Par ailleurs, le gouvernement de Londres a récemment accordé aux habitants de 14 territoires d’outre-mer dépendants de la Grande-Bretagne la citoyenneté britannique à part entière. Cette démarche fait suite au vote définitif par le Parlement de Londres du “British overseas territories act”(BOTA) qui pose le principe de l’octroi de la pleine citoyenneté britannique à tous les citoyens des territoires d’outre-mer qui en font la demande (6).
Applicable depuis le 21 mai 2002, cette loi vise toutes les personnes nées dans l’archipel des Chagos avant leur expulsion vers l’île Maurice et leurs enfants nés à Maurice de père chagossien ou de mère chagossienne. Elle est importante dans la mesure où elle les dispense de visa pour se rendre, à titre touristique ou professionnel, sur le territoire des pays membres de l’Union européenne dont la Grande-Bretagne - y compris en théorie les îles du BIOT - et la France - y compris le département de La Réunion qui est le plus accessible en raison de sa proximité géographique, linguistique et culturelle.

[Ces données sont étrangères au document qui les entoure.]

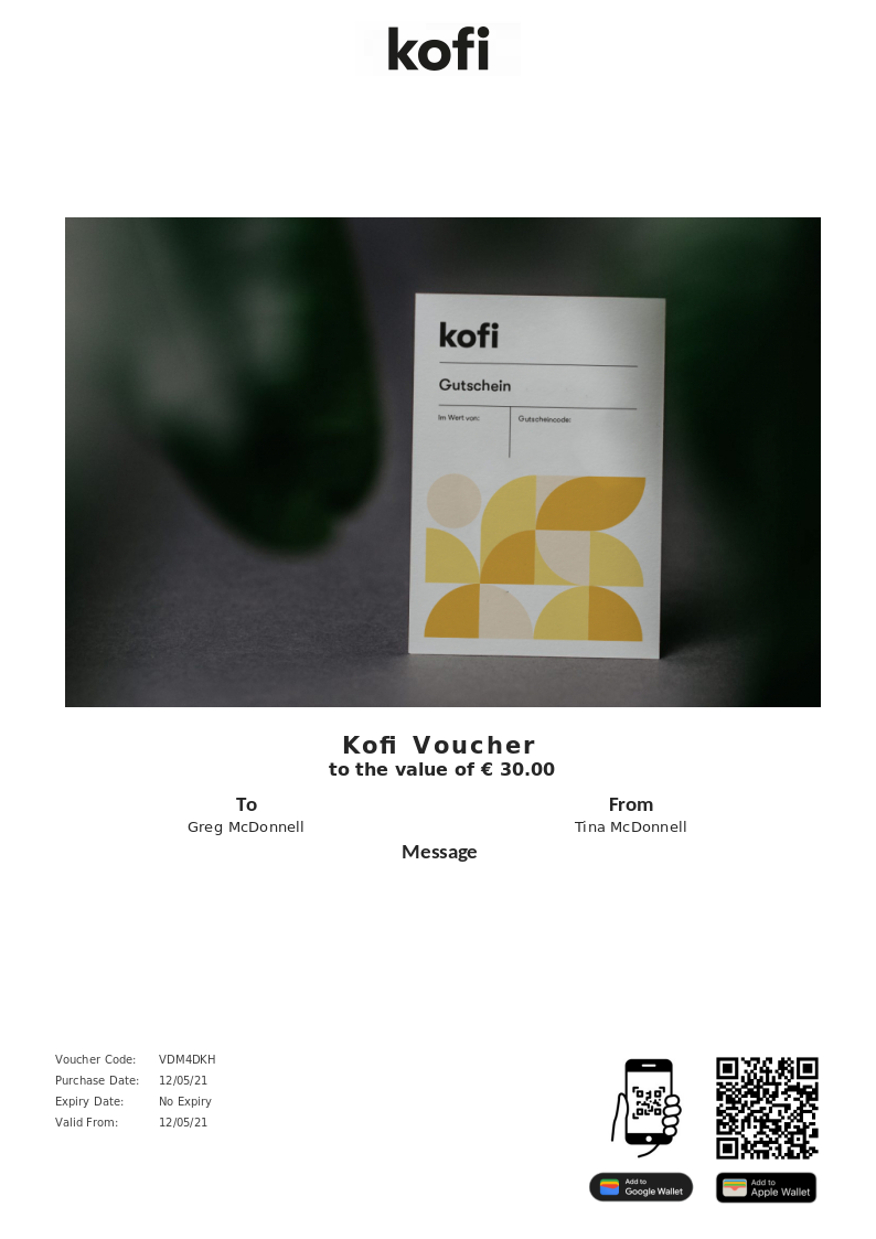 Kofi allows you to purchase instantly printable gift vouchers, special offers and tickets using the Voucher Connect platform.

Mais les États-Unis ont fait savoir qu’ils s’opposeraient catégoriquement au retour des Chagossiens à Diego Garcia aussi longtemps que ce territoire insulaire serait utile aux intérêts des puissances occidentales et d’abord aux leurs bien compris.
De surcroît, le gouvernement de Londres vient d’édicter le 10 juin 2004 un nouveau décret-loi interdisant aux Chagossiens “déplacés” à Maurice et aux Seychelles de retourner sur leurs terres natales pour une période indéterminée (7).
Ainsi, les Chagossiens se retrouvent-ils à la case départ après avoir constaté une légère embellie à leur situation. Beaucoup parmi eux sont déjà morts en exil à Maurice ou aux Seychelles et parmi les survivants - nés aux Chagos - combien peuvent raisonnablement espérer revoir les lieux de leur enfance avant de mourir ? Il est difficile de répondre et on ne peut qu’être pessimiste même si "l’espoir au cœur humain est toujours vivace".
(à suivre)
André Oraison
(1) Voir tout particulièrement Oraison (A.), "Le différend anglo-mauricien sur l’archipel des Chagos à la lumière de la théorie des vices du consentement (Le consentement des dirigeants mauriciens a-t-il été entaché par les vices de violence, de dol et de lésion en 1965 lors de la cession à la Grande-Bretagne des îles de Diego Garcia, Peros Banhos et Salomon ?)", RRJDP, 2003/4, pp. 2837-2865.
(2) Voir A/56/PV. 46, p. 17.
(3) Voir "Île Maurice. Le "Diego-Garcia Case", Océan Indien Actuel, juillet 1978, n° 8, p. 18.
(4) Voir Cmnd. 8785 et Treaty Series, n° 6, 1983.
(5) Voir Balmond (L.), "Chronique des faits internationaux", RGDIP, 2001/1, p. 186.
(6) Voir "Un passeport britannique et européen pour les Chagossiens. God save the Chagos", “Le Quotidien de La Réunion”, 23 mai 2002, p. 18.
(7) Voir notamment "Archipel des Chagos. Toutes les îles interdites d’accès aux Chagossiens", “Le Mauricien”, mercredi 16 juin 2004, p. 5.